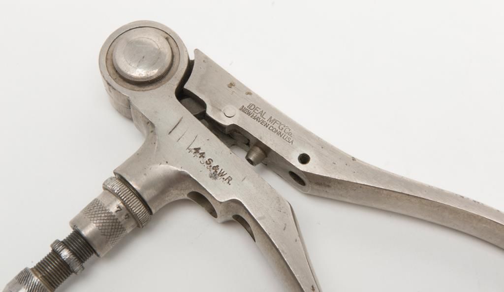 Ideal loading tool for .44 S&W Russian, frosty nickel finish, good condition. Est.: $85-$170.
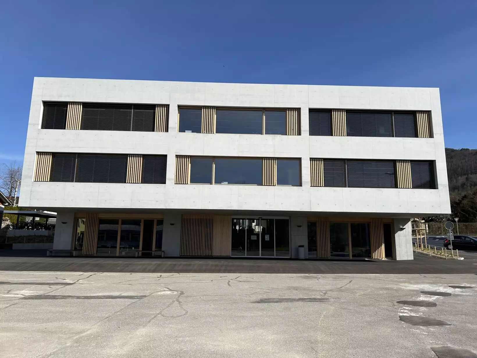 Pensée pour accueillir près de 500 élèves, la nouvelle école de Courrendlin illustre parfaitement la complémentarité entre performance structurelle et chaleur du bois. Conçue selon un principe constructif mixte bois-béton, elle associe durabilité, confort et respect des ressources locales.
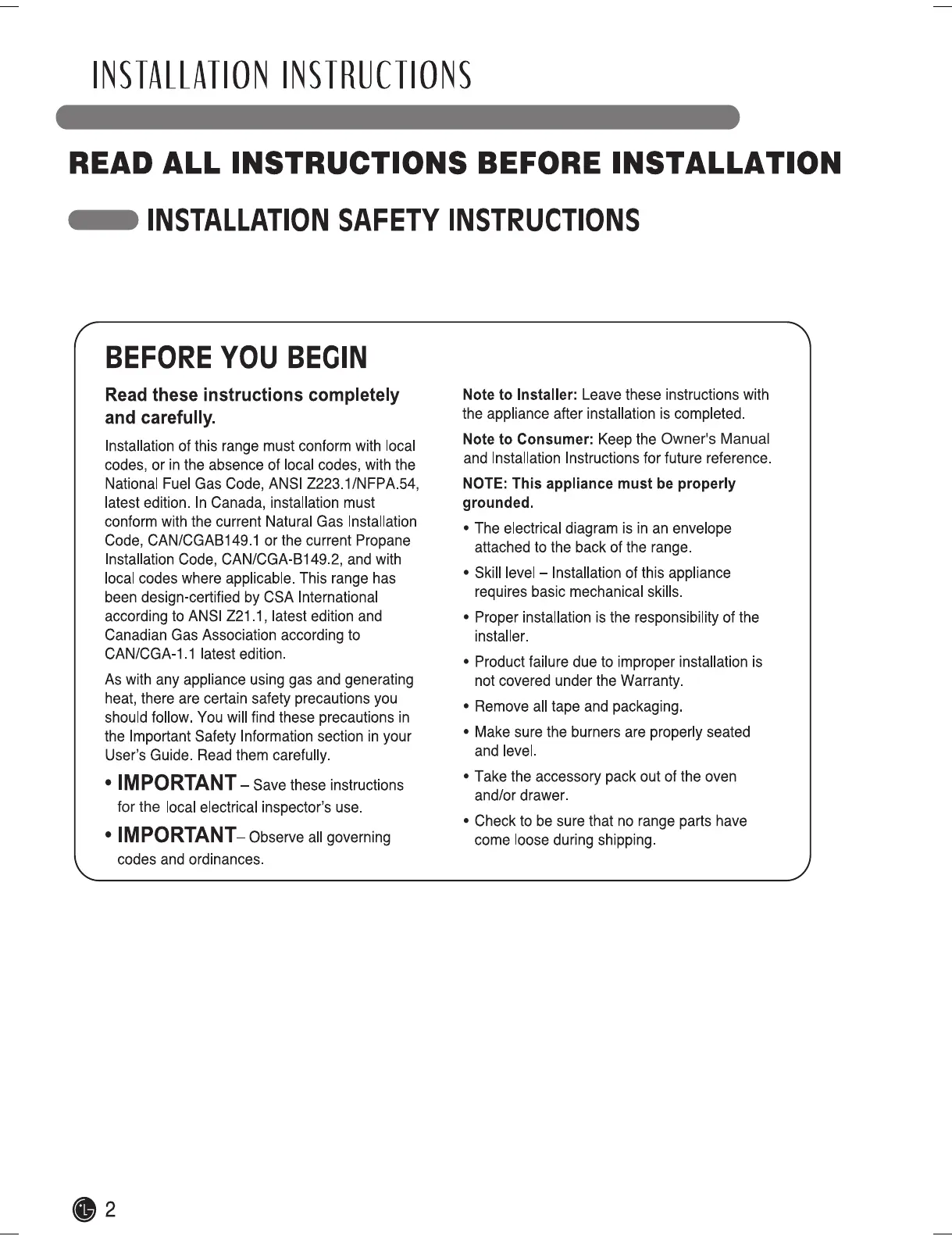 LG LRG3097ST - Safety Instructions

- - - - -

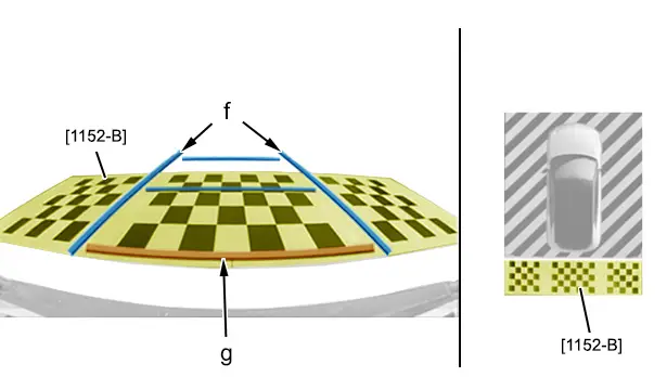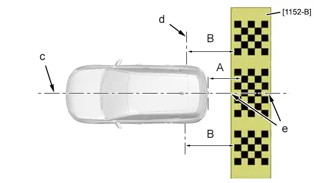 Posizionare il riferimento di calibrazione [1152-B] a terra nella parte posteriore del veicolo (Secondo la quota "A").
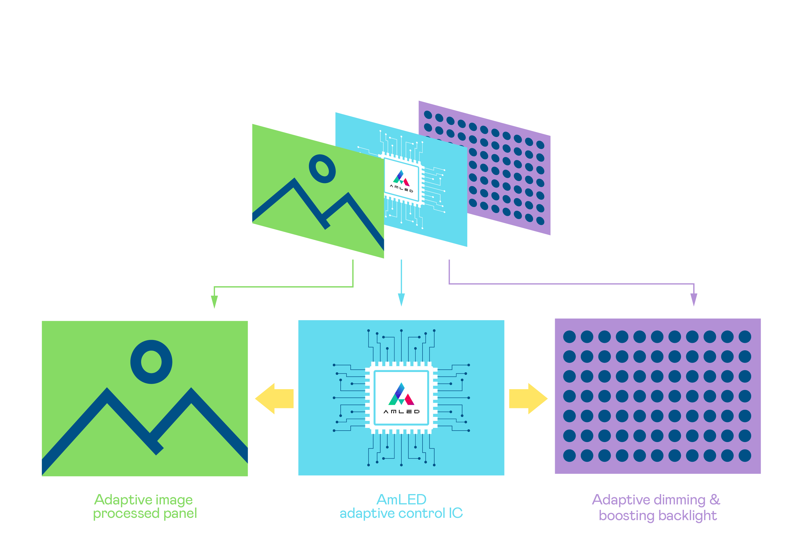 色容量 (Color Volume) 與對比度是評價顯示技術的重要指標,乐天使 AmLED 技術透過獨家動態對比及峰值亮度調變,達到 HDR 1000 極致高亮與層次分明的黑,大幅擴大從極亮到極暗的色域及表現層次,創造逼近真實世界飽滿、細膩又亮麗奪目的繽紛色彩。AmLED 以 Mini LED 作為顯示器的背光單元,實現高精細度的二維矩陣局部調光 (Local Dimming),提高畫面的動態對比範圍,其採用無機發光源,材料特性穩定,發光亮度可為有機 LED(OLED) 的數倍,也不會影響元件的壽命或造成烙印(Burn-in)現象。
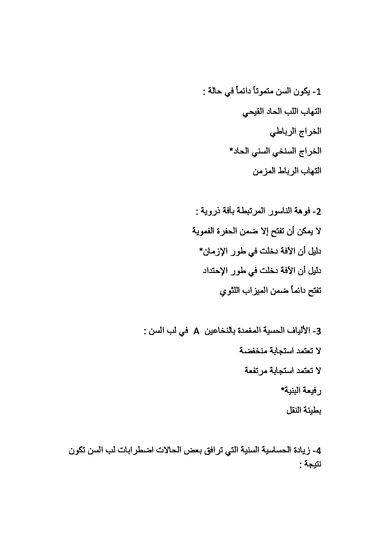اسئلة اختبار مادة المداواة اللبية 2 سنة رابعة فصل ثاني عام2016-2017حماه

- - - - -

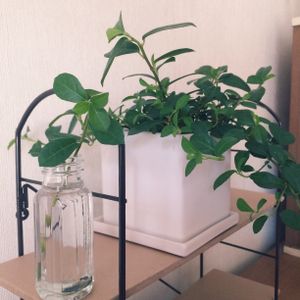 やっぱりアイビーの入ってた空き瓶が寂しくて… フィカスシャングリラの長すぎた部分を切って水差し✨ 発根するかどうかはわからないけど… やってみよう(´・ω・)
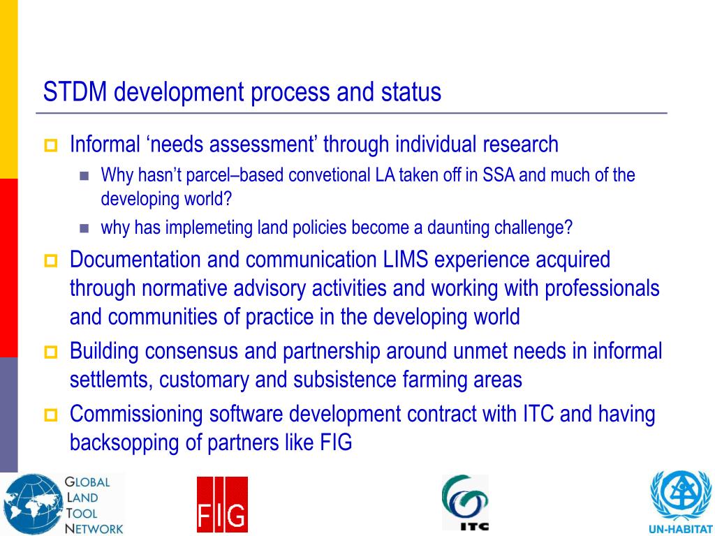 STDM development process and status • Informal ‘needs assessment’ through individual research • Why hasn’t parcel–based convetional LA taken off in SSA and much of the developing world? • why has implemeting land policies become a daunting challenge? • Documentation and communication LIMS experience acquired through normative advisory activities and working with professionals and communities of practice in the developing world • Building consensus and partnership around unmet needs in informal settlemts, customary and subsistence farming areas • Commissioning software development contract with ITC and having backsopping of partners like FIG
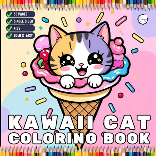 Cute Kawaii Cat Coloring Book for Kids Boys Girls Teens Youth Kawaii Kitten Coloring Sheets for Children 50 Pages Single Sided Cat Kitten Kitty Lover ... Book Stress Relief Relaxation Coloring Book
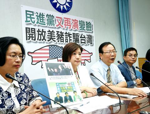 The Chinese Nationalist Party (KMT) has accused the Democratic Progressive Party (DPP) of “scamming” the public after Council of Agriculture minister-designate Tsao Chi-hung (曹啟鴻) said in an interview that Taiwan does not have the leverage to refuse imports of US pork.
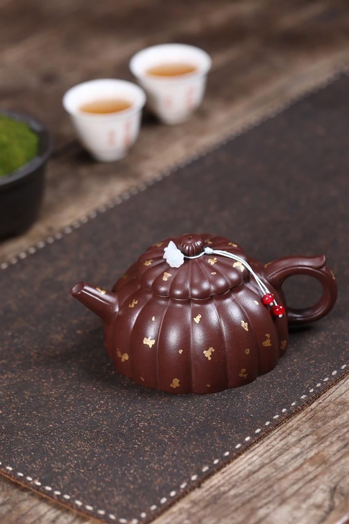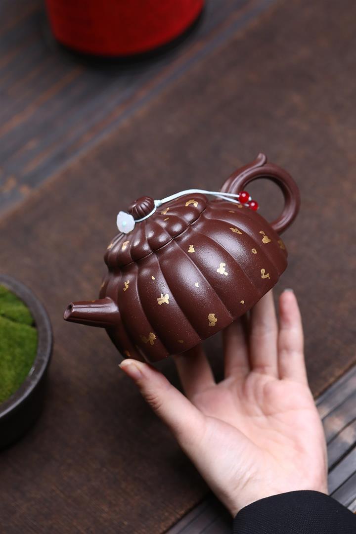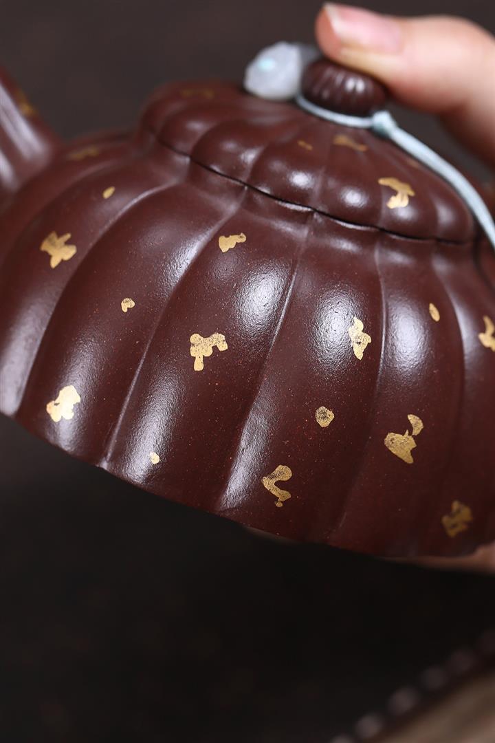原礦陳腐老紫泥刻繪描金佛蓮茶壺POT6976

- - - - -

- _Work item_
Given the entries above, transcribe exactly the lines from the one holding "Ideal loading tool" through the one holding "Pensée pour accueillir"; pictures do not belong in the transcription.

- _Reply_
 Ideal loading tool for .44 S&W Russian, frosty nickel finish, good condition. Est.: $85-$170.
 Pensée pour accueillir près de 500 élèves, la nouvelle école de Courrendlin illustre parfaitement la complémentarité entre performance structurelle et chaleur du bois. Conçue selon un principe constructif mixte bois-béton, elle associe durabilité, confort et respect des ressources locales.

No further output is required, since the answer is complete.